Energy-centric frameworks: Use of time/energy rooflines to guide ML "race-to-idle" strategies and power-aware design (K. et al., 24 Sep 2025).
Performance portability and auto-tuning: Systematic tuning of workload mapping and scheduling guided by roofline-derived bottleneck locations (Anderson et al., 2023).

6. Representative Table of Roofline Model Variants

Model Variant	Key Formulae / Axis	Specialization	References
Classic Roofline	$P = \min(P_\text{peak}, I b_s)$	Single memory, single compute limit	(Spear et al., 2015)
Multi-level Roofline	$AI_{L_i}$ , $b_{L_i}$ at each $L_i$	Register/SRAM/DRAM-level analysis	(Verhelst et al., 22 May 2025)
Communication Roof	COI-based ( $FLOPS/$ Comm. bytes)	Distributed, network-limited AI training	(Jiang et al., 2020)
Energy Roofline	$P_E = 1 / (E_{op} + \sum_i E_{L_i}/AI_{L_i})$	Joint throughput/efficiency roofline	(Verhelst et al., 22 May 2025, K. et al., 24 Sep 2025)
Sparsity Roofline	(Accuracy, speedup) axes, SoL latency	DNN sparsity/accuracy/speedup joint analysis	(Shinn et al., 2023)
Time Roofline	(Compute time, bandwidth time) axes	DL kernel launch overhead, batch effects	(Wang et al., 2020, K. et al., 24 Sep 2025)
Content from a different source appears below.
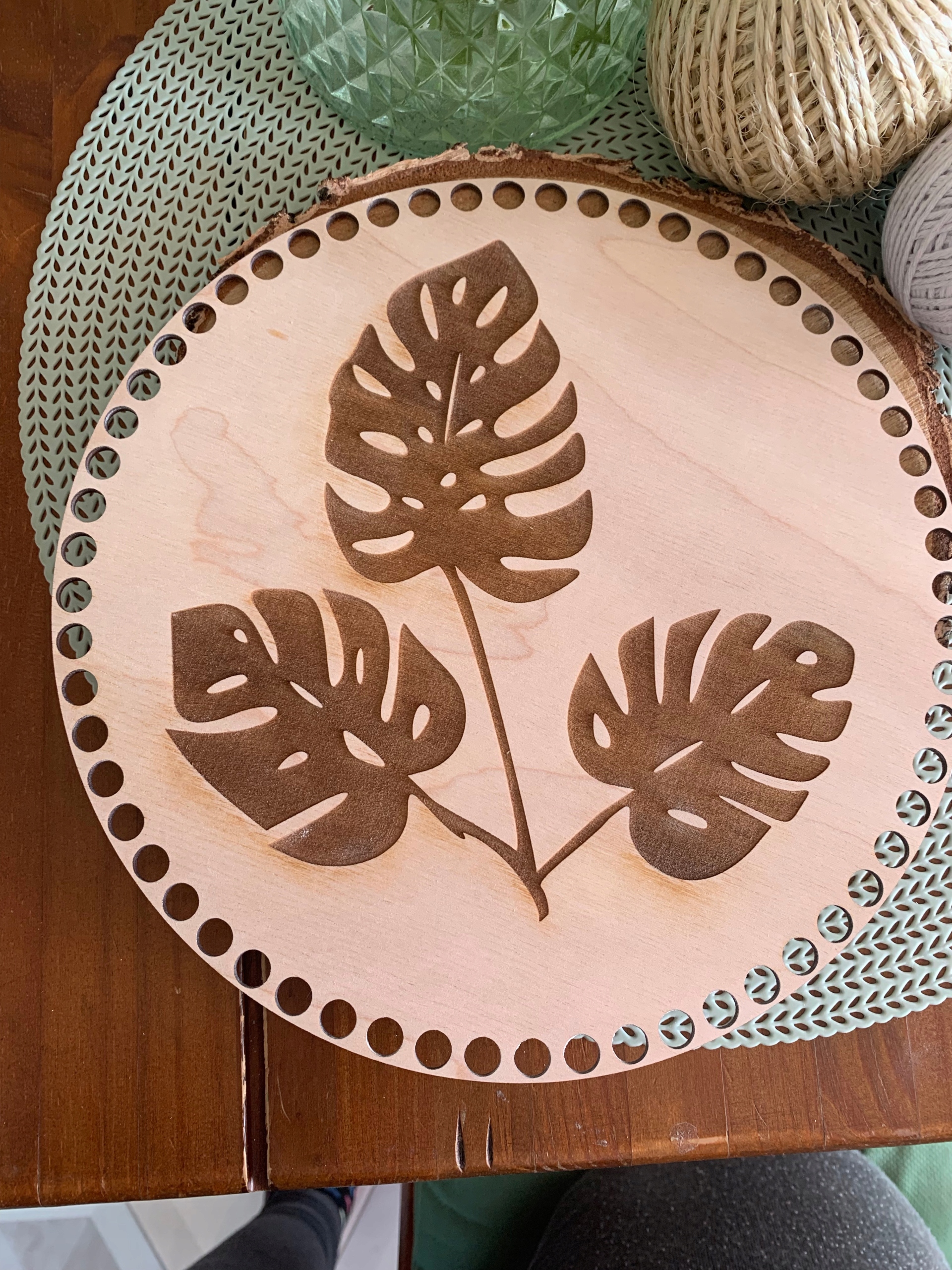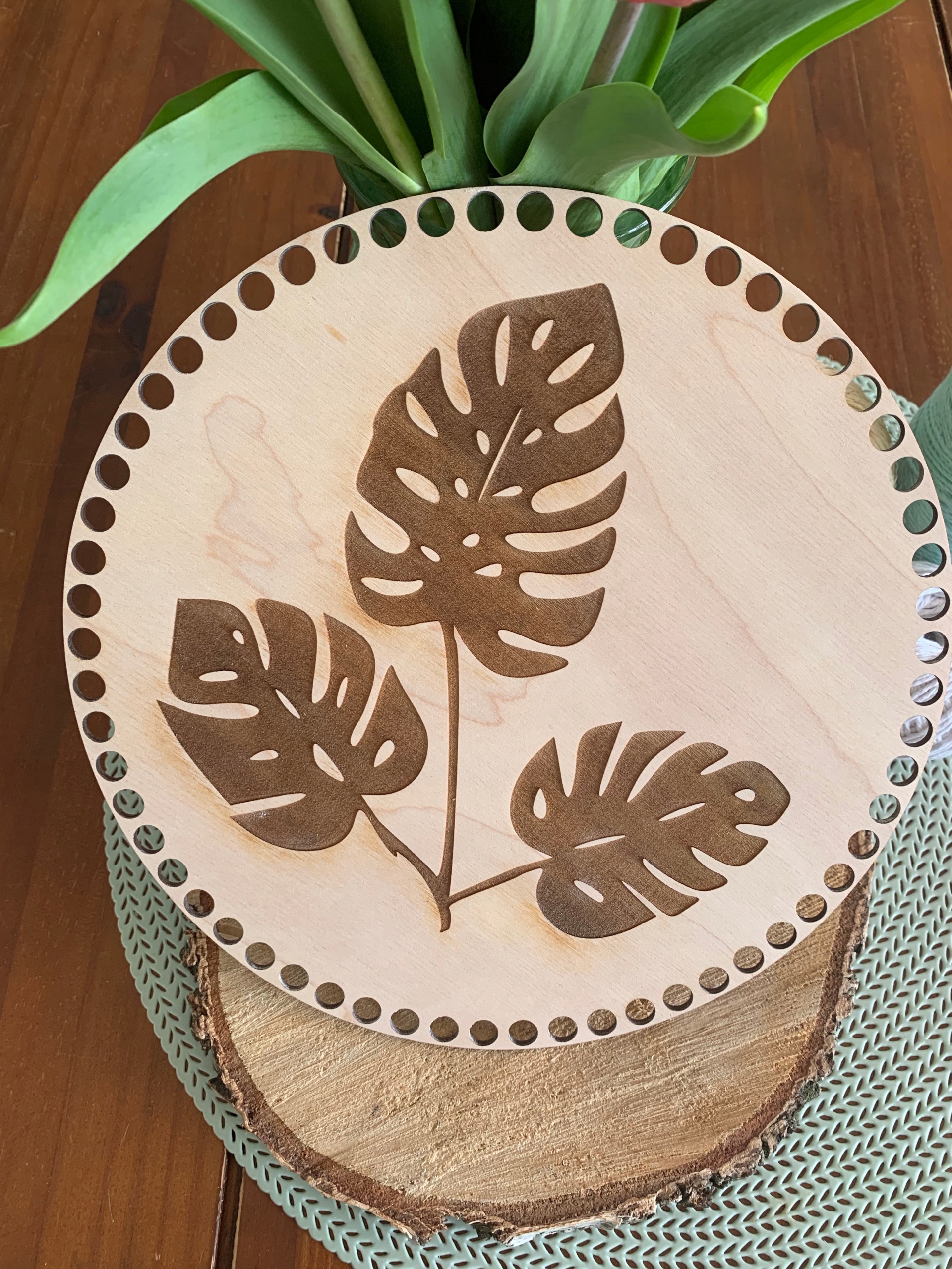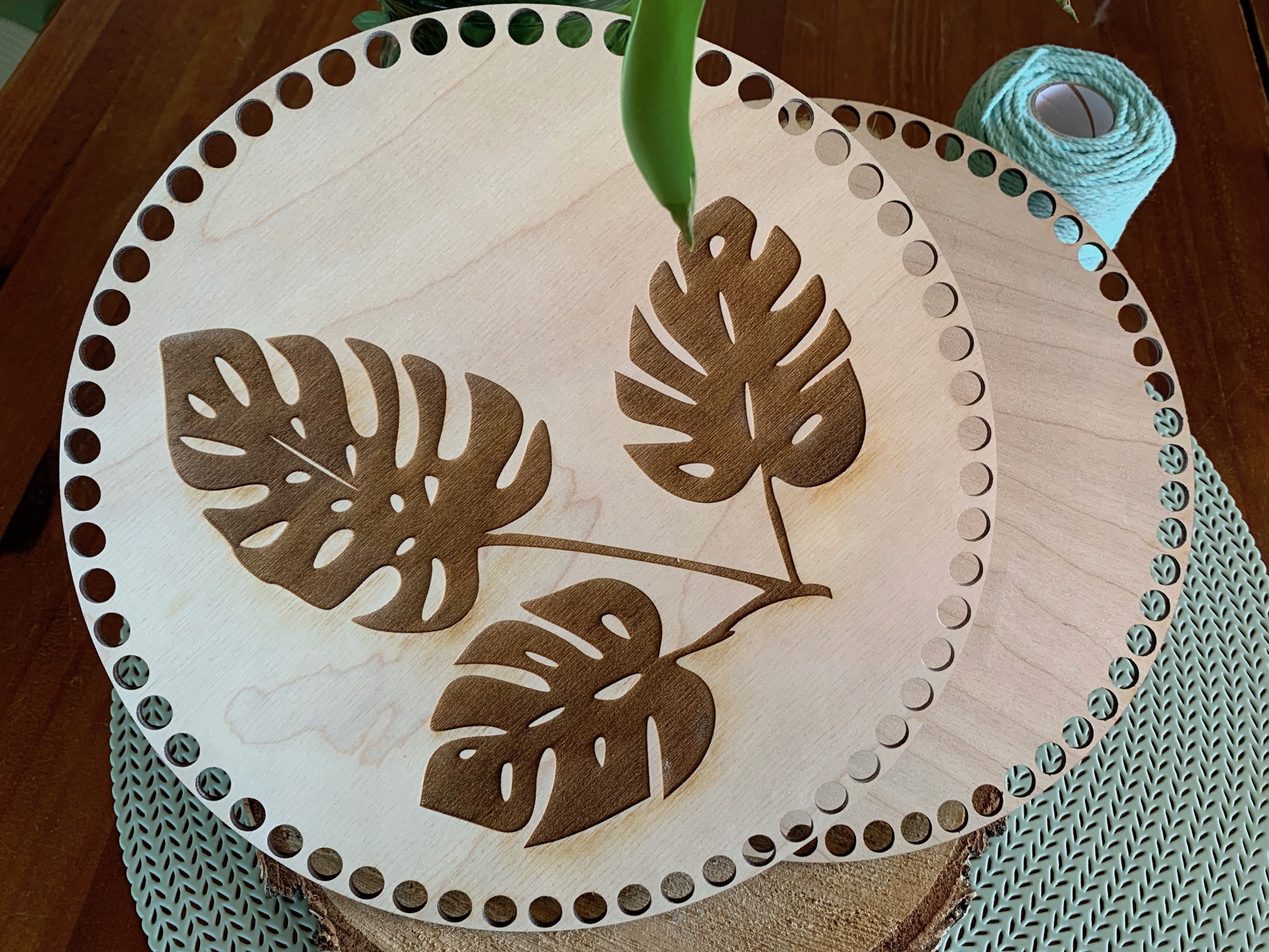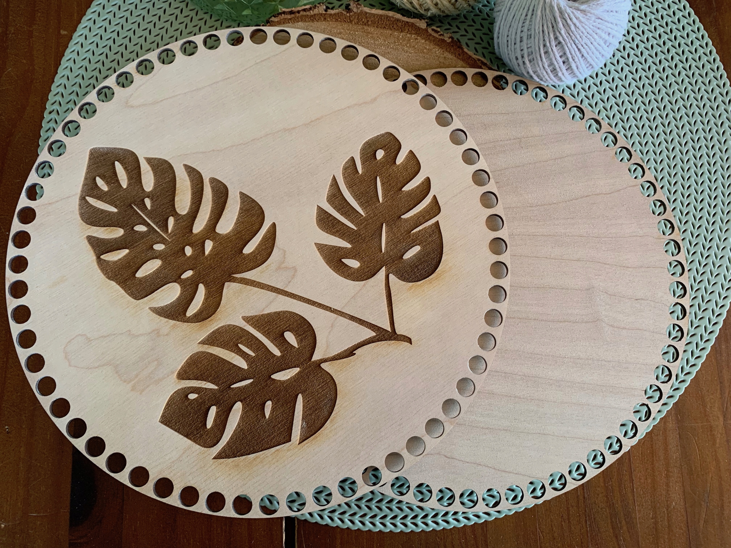 Предмет продажи - комплект из двух основ для дна и крышки корзинки макраме или крючком в форме круга с выгравированным узором монстера.< /h1>

7. Impact and Significance in System and Algorithm Design

The adoption of roofline-based theoretical analysis has driven advances in algorithm–hardware co-design and provided a lingua franca for communication between architecture, systems, and applications researchers. Its generalization to energy, communication, and domain-specific bottlenecks makes it foundational for optimizing emerging workloads (deep learning, sparse inference, edge AI), guiding both incremental optimization and fundamental hardware/software architectural choices. Robust, automated, and portable toolchains have further democratized its use outside highly specialized performance engineering communities.

Key references demonstrating these principles, methodological innovations, and broad applicability include (Xie et al., 1 Nov 2024, Verhelst et al., 22 May 2025, K. et al., 24 Sep 2025, Wang et al., 2020, Yang et al., 2020, Shinn et al., 2023, Hammer et al., 2017), and (Batashev, 30 Jul 2025).